DATA BLOCK:
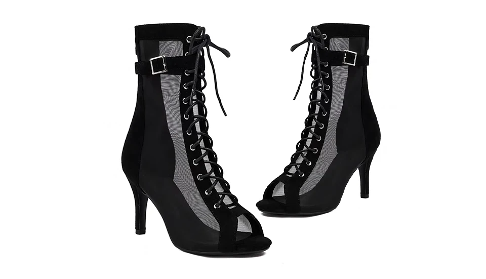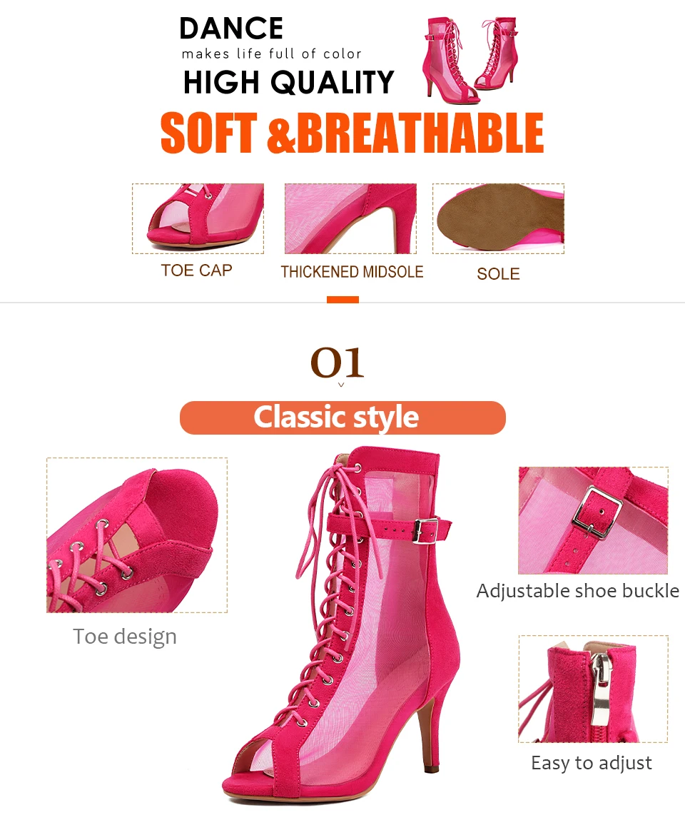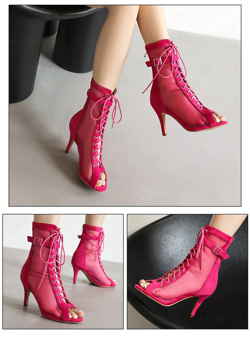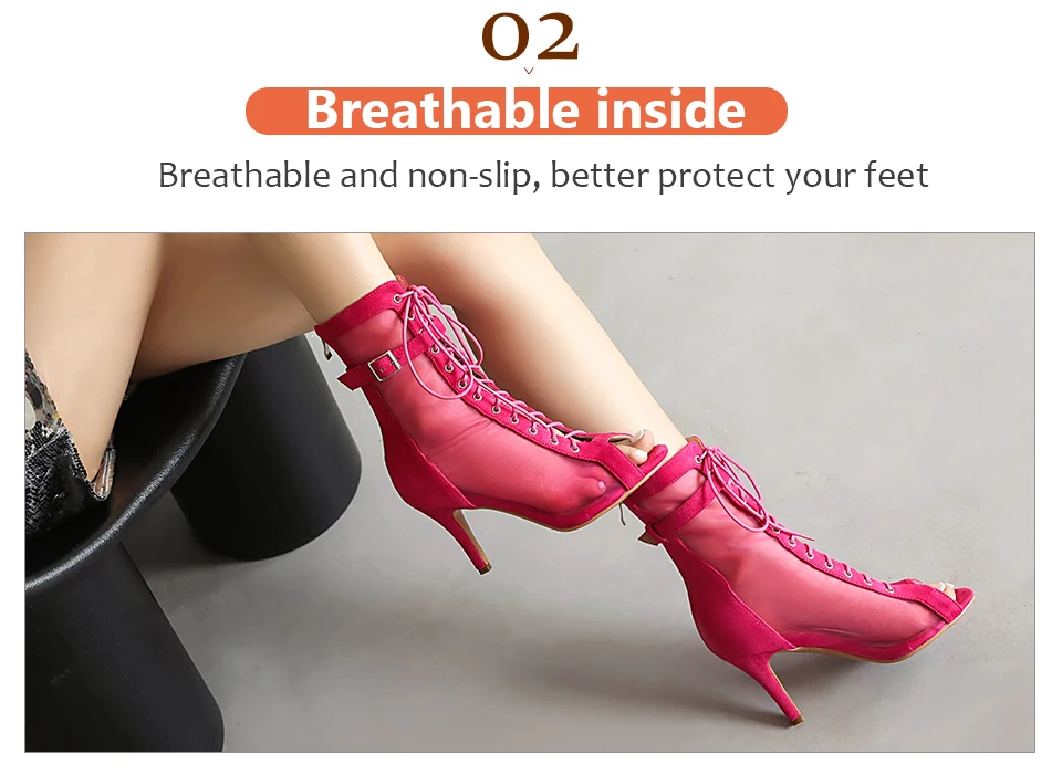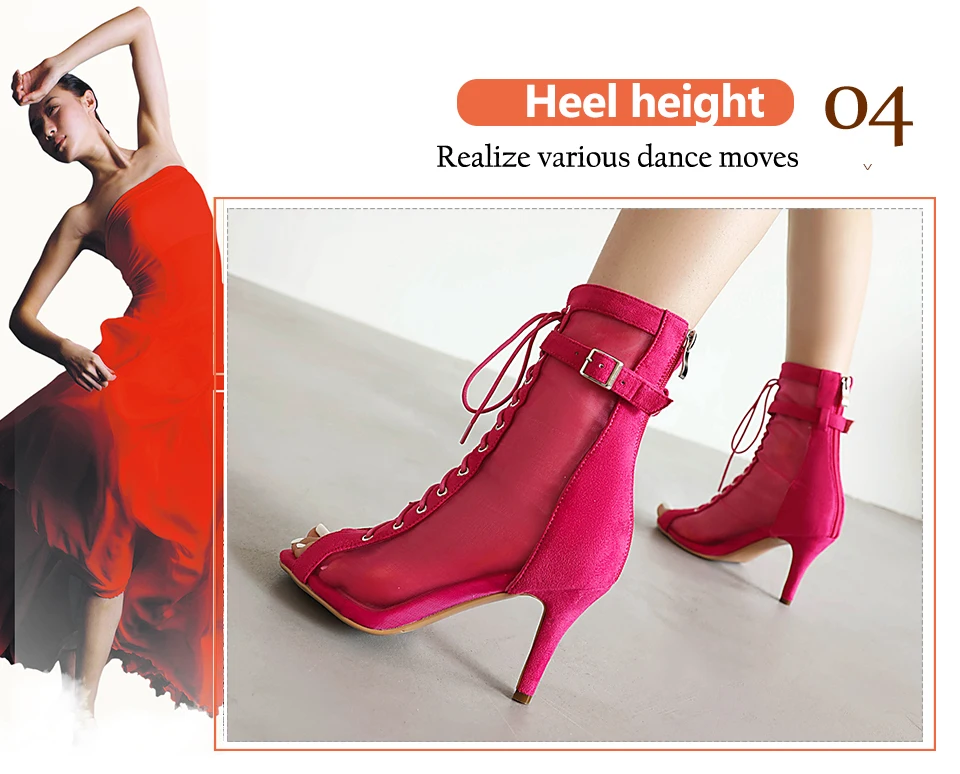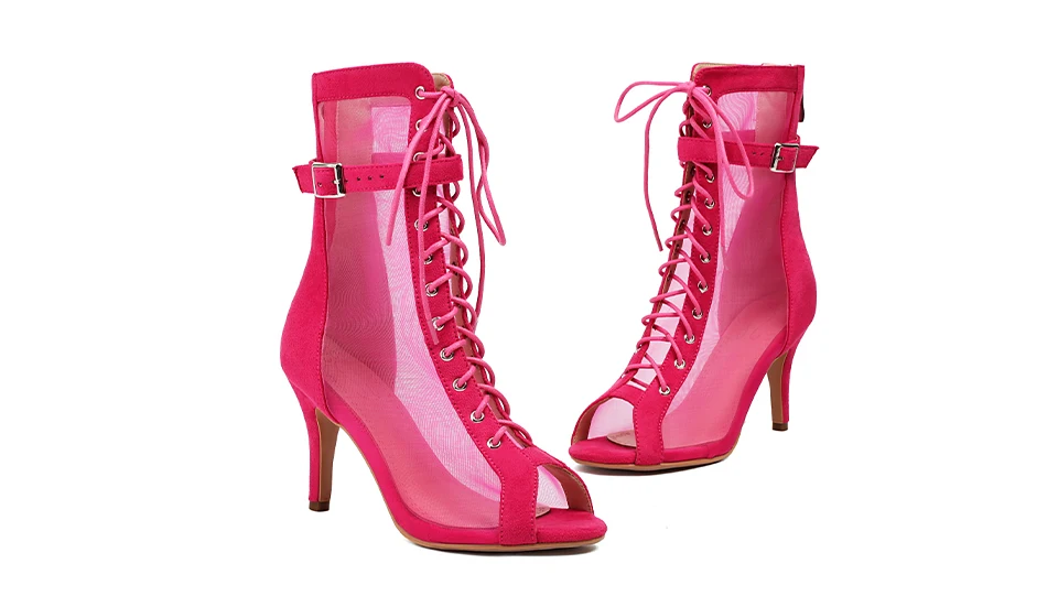 Sexy Stilettos Woman Dance Shoes Rose Red High Heels Peep Toe Party Dance Booties Girls Women Perform Ballroom Dance Boots
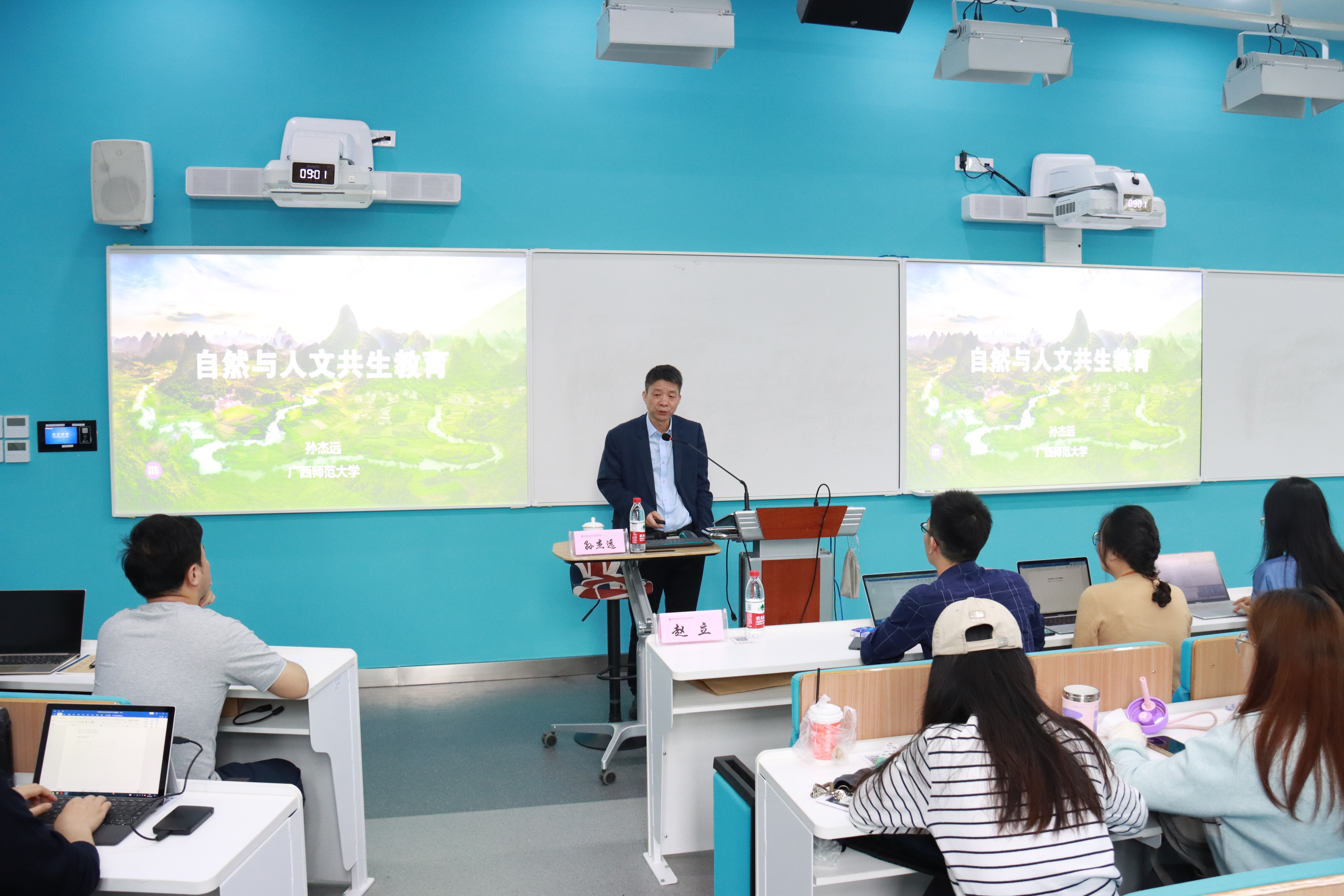 2023年4月20日上午,教育部长江学者特聘教授、广西师范大学副校长孙杰远教授做客太炎教育讲堂,为天英足球即时比分 师生做了题为“走向自然与人文共生的教育”主题讲座。赵立教授主持。
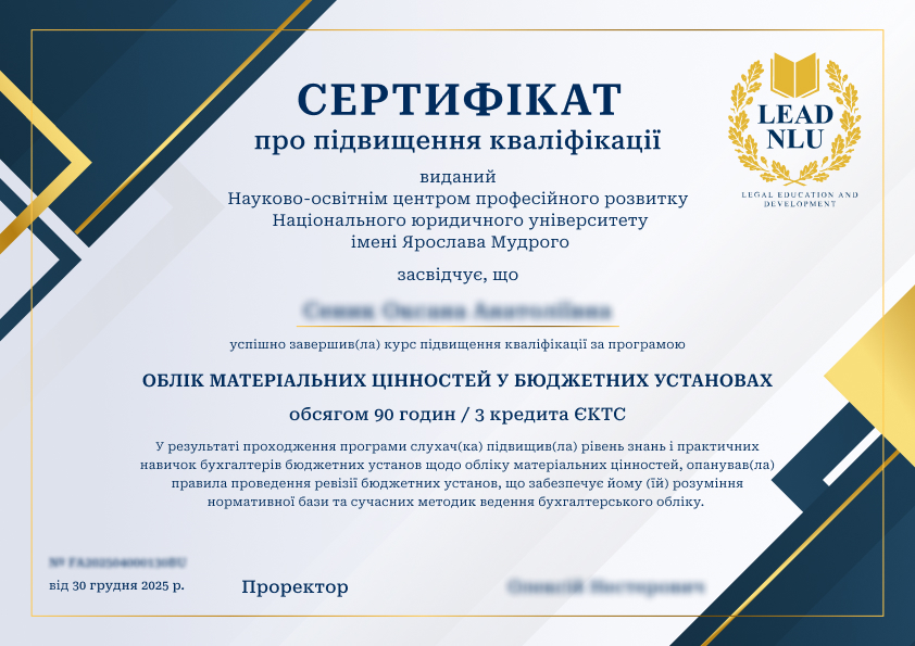 Після навчання ви отримаєте сертифікат від Науково-освітнього центру професійного розвитку Національного юридичного університету імені Ярослава Мудрого

EXERCISE BRIEF: Each line above should be written out again exactly, and no picture should appear in the copy.

RESPONSE BOX:
 Sexy Stilettos Woman Dance Shoes Rose Red High Heels Peep Toe Party Dance Booties Girls Women Perform Ballroom Dance Boots
 2023年4月20日上午,教育部长江学者特聘教授、广西师范大学副校长孙杰远教授做客太炎教育讲堂,为天英足球即时比分 师生做了题为“走向自然与人文共生的教育”主题讲座。赵立教授主持。
 Після навчання ви отримаєте сертифікат від Науково-освітнього центру професійного розвитку Національного юридичного університету імені Ярослава Мудрого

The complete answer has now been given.